Given records:
▬▬▬▬▬▬▬▬▬▬
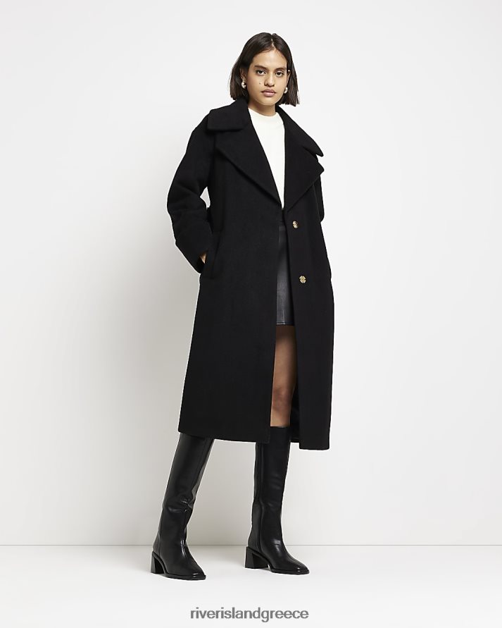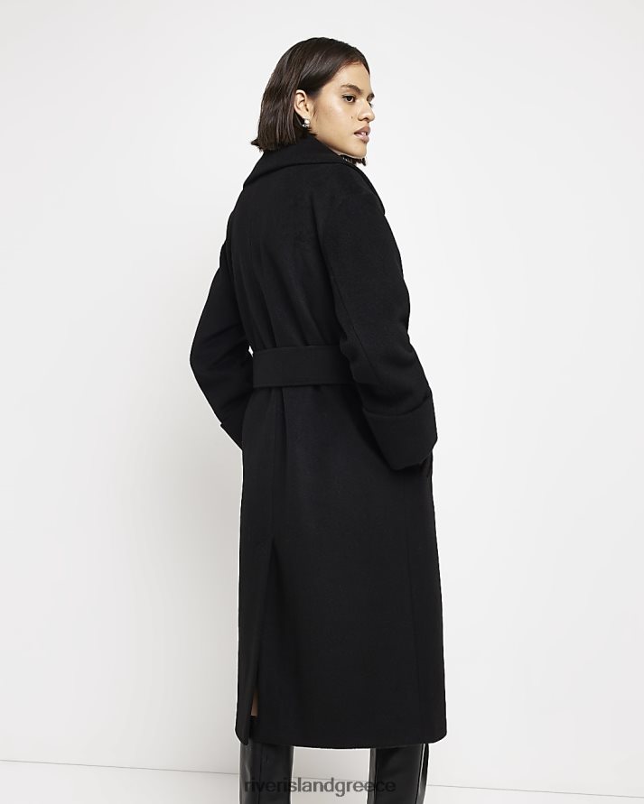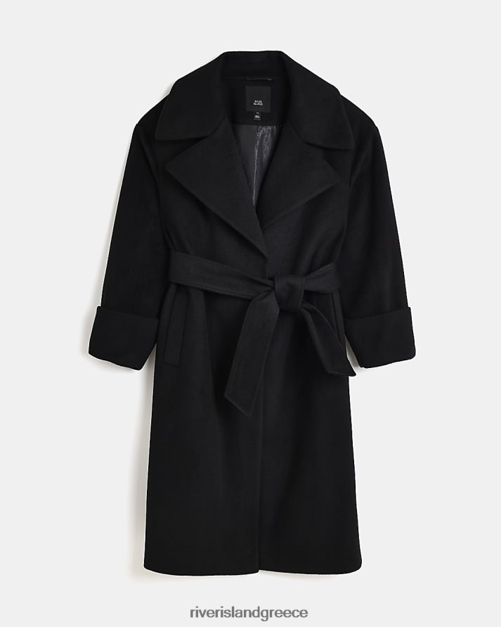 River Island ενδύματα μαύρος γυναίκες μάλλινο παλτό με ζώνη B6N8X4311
▬▬▬▬▬▬▬▬▬▬
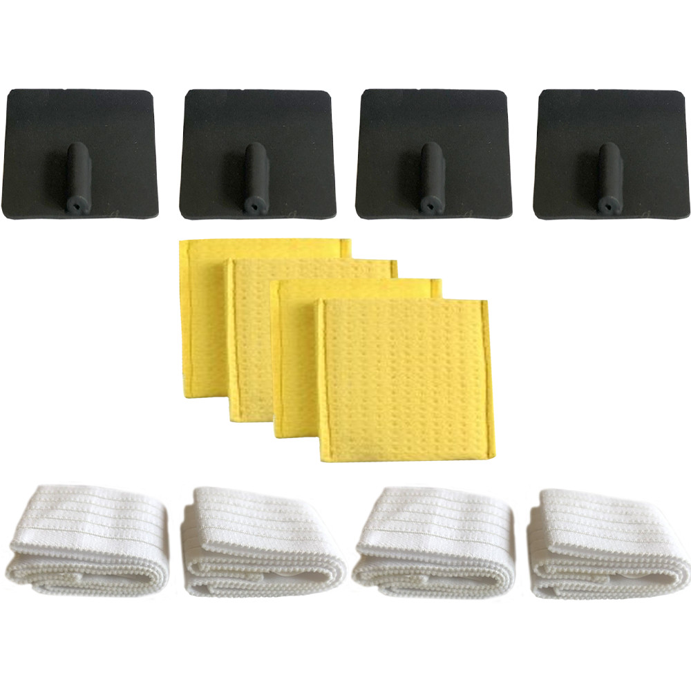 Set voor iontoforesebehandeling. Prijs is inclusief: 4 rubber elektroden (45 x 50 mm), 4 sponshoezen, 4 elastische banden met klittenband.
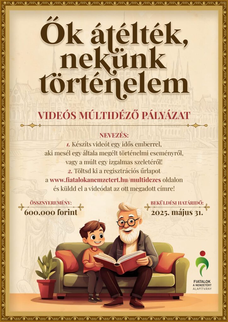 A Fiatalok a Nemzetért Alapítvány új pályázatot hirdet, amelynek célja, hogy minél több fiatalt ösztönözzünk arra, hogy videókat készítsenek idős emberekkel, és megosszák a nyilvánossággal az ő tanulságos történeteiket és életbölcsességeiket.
▬▬▬▬▬▬▬▬▬▬
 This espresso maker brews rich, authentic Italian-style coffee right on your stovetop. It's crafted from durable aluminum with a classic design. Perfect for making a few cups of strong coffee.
▬▬▬▬▬▬▬▬▬▬
Your goal: Pictures are to be left out. Write out only the lines above starting at the one with "Set voor iontoforesebehandeling." and ending at the one with "A Fiatalok a", both lines included, exactly.

Task response:
 Set voor iontoforesebehandeling. Prijs is inclusief: 4 rubber elektroden (45 x 50 mm), 4 sponshoezen, 4 elastische banden met klittenband.
 A Fiatalok a Nemzetért Alapítvány új pályázatot hirdet, amelynek célja, hogy minél több fiatalt ösztönözzünk arra, hogy videókat készítsenek idős emberekkel, és megosszák a nyilvánossággal az ő tanulságos történeteiket és életbölcsességeiket.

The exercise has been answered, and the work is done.